There is more to it. Bandwidth is one of the top things there is to a GPU (besides shaders and fab process). The faster you move things the better. Laptop GPUs are more powerful than what people think, but they are severely bottlenecked by low memory or low bus rate. A solution has been what you described, up the DDR speed from GDDR3 to GDDR5. Works, but it is not the solution. Just look at ATI's and nVidia's current gen cards, all use 256-bit (performance/enthusiast) and 128-bit (consumer). However, the better performance cards are always those with ample bandwidth to the VRAM.

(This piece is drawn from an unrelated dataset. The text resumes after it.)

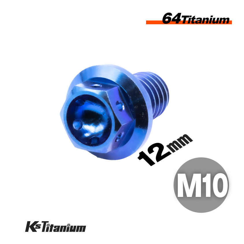 - チタンボルト M10×12 P1.25 ブルー 64チタン オイルドレンボルト ワイヤーロック ワイヤリング フランジ レース サーキット 競技用に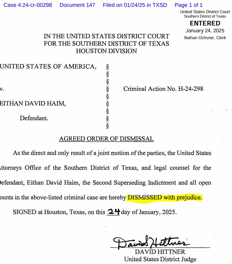 Another of Trump’s pre-election promises was to halt the lawfare employed by the Biden administration against its political enemies. Trump recently made good on this by pressing for the dismissal of the case against medical whistleblower Eithan Haim — who finally got his miracle:

Why? Because they have to move massive amounts of data to/from the VRAM. You can look at many results and will find that fact holds true thru all video cards. Moreover, adding more VRAM will only solve the problem if you are doing something in an image editor like Photoshop. In games, having 2GB is mostly unneeded currently as current cards haven't even tapped 1GB potential. nVidia just broke that 1GB barrier with Fermi based GTX 480 and GTX 470 at 1.2GB configurations; test show that all the large .2GB really does it keep minimum frame rates up, but doesn't add any potential.Test was on intensive game like RE5, Batman, and Far Cry.
In Photoshop, the amount of VRAM is what is important, in games and other applications that require the GPU to push data fast, it's the bus width and data rate that matter.
Apple's laptops are not oriented at games, so they don't need large VRAM. People forget that. Apple has its OS X for media stuff, like pictures thru iPhoto or your favorite image editor, movies (which are more CPU intensive) and audio (Logic Pro, and other audio tools). Sure Apple pushes games, but ideally, MacBook Pros are not for games, that's something people have added by using Bootcamp and putting Windows in there.